### To do
Across the following data, how many lines include the string "that"? Reply with the number and nothing more.

### Stored data
———
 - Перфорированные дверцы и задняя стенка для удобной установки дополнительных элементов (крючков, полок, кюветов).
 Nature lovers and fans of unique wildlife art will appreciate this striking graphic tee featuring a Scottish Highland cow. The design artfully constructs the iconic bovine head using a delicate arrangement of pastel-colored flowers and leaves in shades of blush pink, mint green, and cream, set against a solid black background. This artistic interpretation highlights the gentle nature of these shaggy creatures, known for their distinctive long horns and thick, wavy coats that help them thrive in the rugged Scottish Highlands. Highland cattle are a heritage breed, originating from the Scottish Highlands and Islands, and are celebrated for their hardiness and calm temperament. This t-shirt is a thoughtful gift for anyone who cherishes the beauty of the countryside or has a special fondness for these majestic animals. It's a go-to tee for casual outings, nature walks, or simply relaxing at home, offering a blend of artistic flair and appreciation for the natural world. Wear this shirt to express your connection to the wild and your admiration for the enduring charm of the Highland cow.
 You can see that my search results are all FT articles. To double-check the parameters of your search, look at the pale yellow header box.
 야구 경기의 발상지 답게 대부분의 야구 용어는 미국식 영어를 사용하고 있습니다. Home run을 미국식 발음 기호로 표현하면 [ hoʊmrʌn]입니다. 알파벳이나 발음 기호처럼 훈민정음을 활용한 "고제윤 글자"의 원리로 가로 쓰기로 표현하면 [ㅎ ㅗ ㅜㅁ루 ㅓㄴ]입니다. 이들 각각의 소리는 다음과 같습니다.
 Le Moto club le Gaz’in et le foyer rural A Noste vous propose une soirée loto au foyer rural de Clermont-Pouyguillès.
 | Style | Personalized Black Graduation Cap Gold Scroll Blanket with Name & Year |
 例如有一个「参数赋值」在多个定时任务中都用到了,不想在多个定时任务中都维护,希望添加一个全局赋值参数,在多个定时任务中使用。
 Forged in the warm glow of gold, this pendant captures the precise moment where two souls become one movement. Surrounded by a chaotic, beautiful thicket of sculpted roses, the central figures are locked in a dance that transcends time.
———
### Finished exercise
3